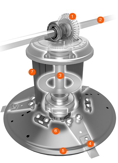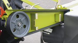 Der verwindungssteife Getrieberahmen ist über einen extrastarken Flansch mit den Trommeln verschraubt und leicht zugänglich. Der geradlinige Eintrieb erlaubt eine verlustfreie Kraftübertragung auf die Keilriemen.
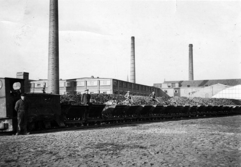 Kleitransport bij Janssen-Willemsen met de "Tuf". Links machinist Peelen.
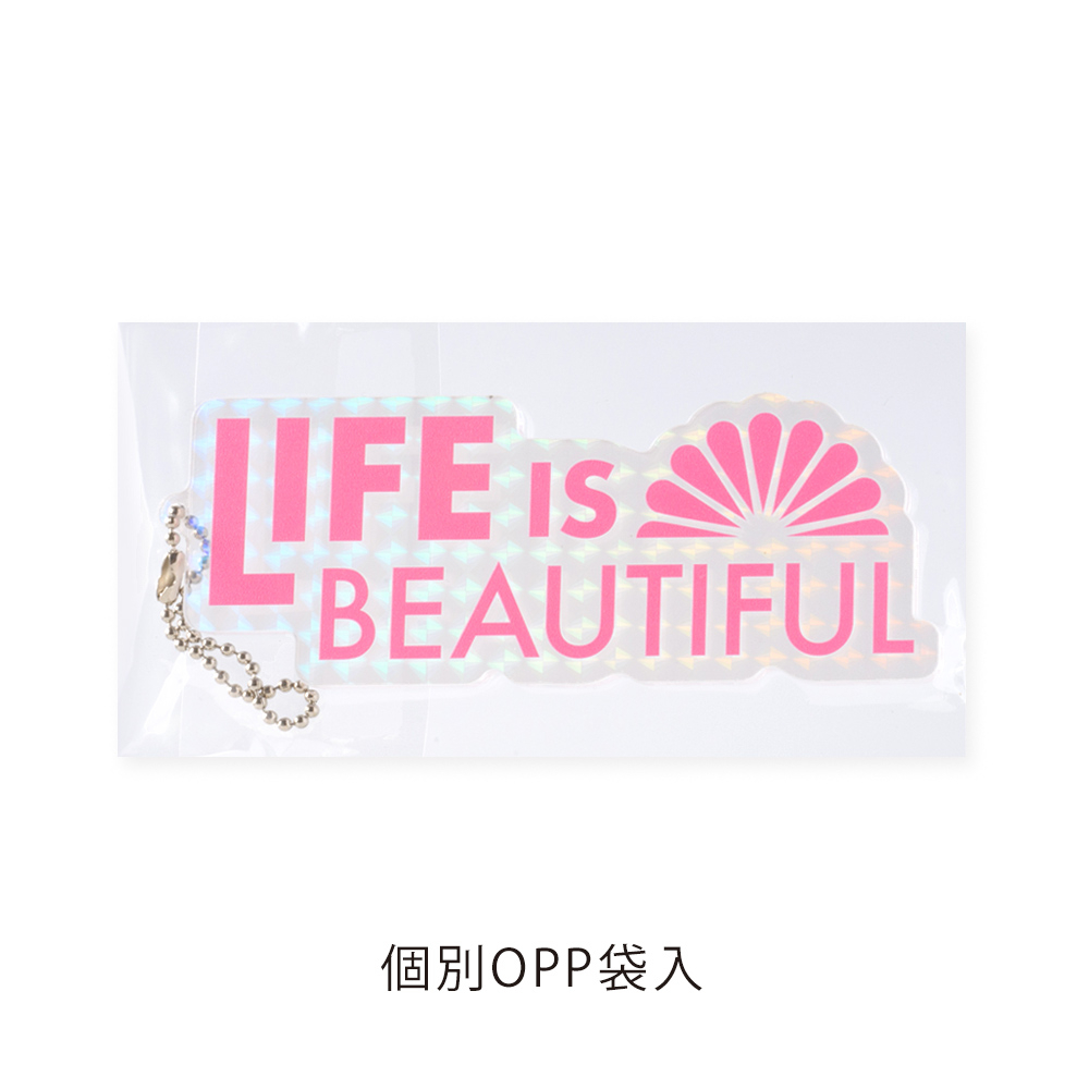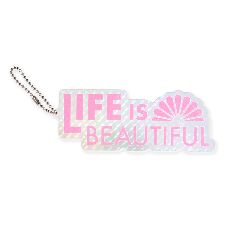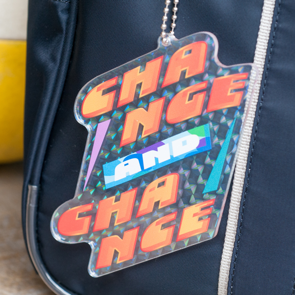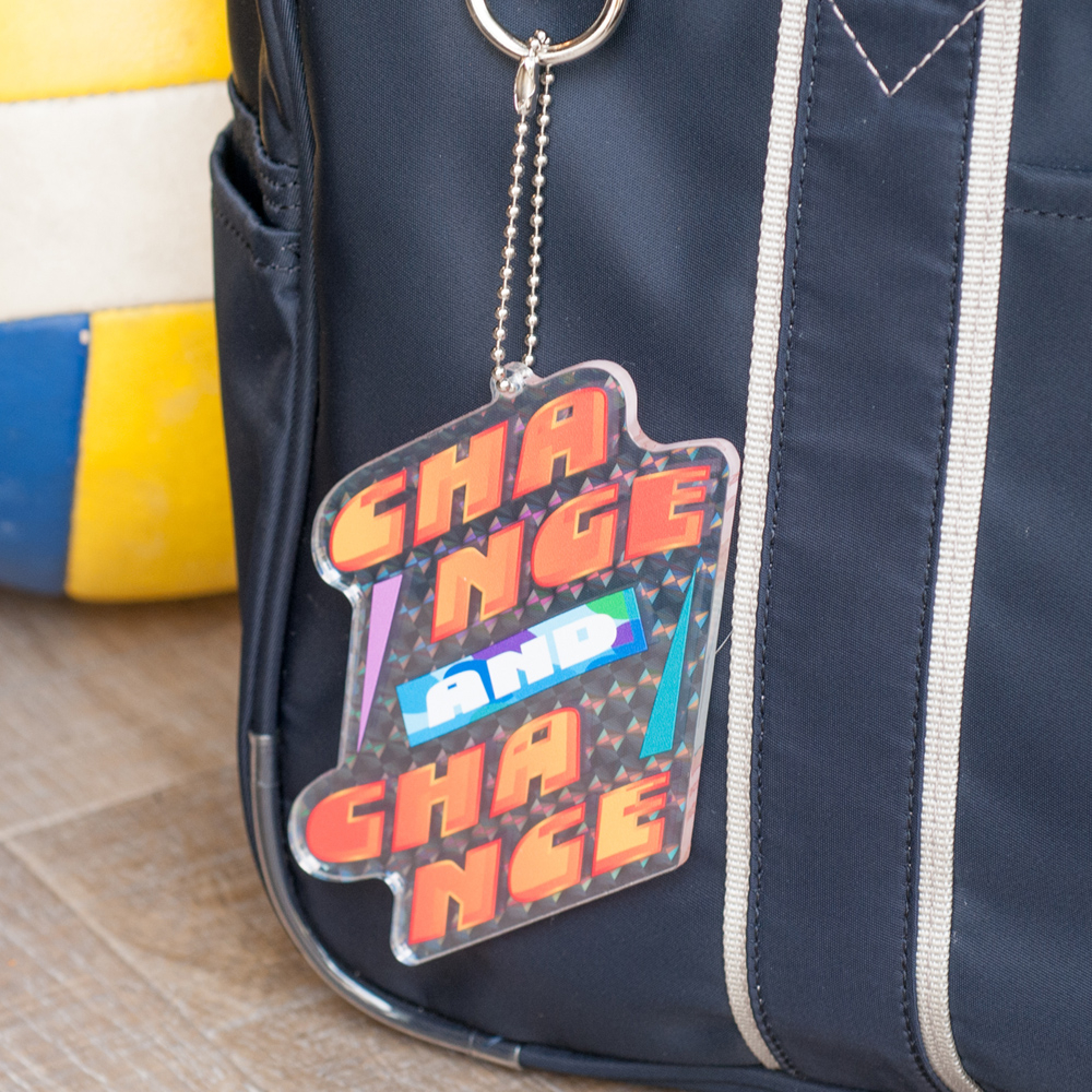 ホログラムアクリルのきらめき×ボールチェーン仕様。光を受けて虹色に変化するオリジナル形状アクリルキーホルダーで、ブランドを鮮烈に印象づける一品(短納期対応商品)

..............................

ASSIGNMENT: Copy every line above exactly, leaving no picture in the copy.

SOLUTION:
 Der verwindungssteife Getrieberahmen ist über einen extrastarken Flansch mit den Trommeln verschraubt und leicht zugänglich. Der geradlinige Eintrieb erlaubt eine verlustfreie Kraftübertragung auf die Keilriemen.
 Kleitransport bij Janssen-Willemsen met de "Tuf". Links machinist Peelen.
 ホログラムアクリルのきらめき×ボールチェーン仕様。光を受けて虹色に変化するオリジナル形状アクリルキーホルダーで、ブランドを鮮烈に印象づける一品(短納期対応商品)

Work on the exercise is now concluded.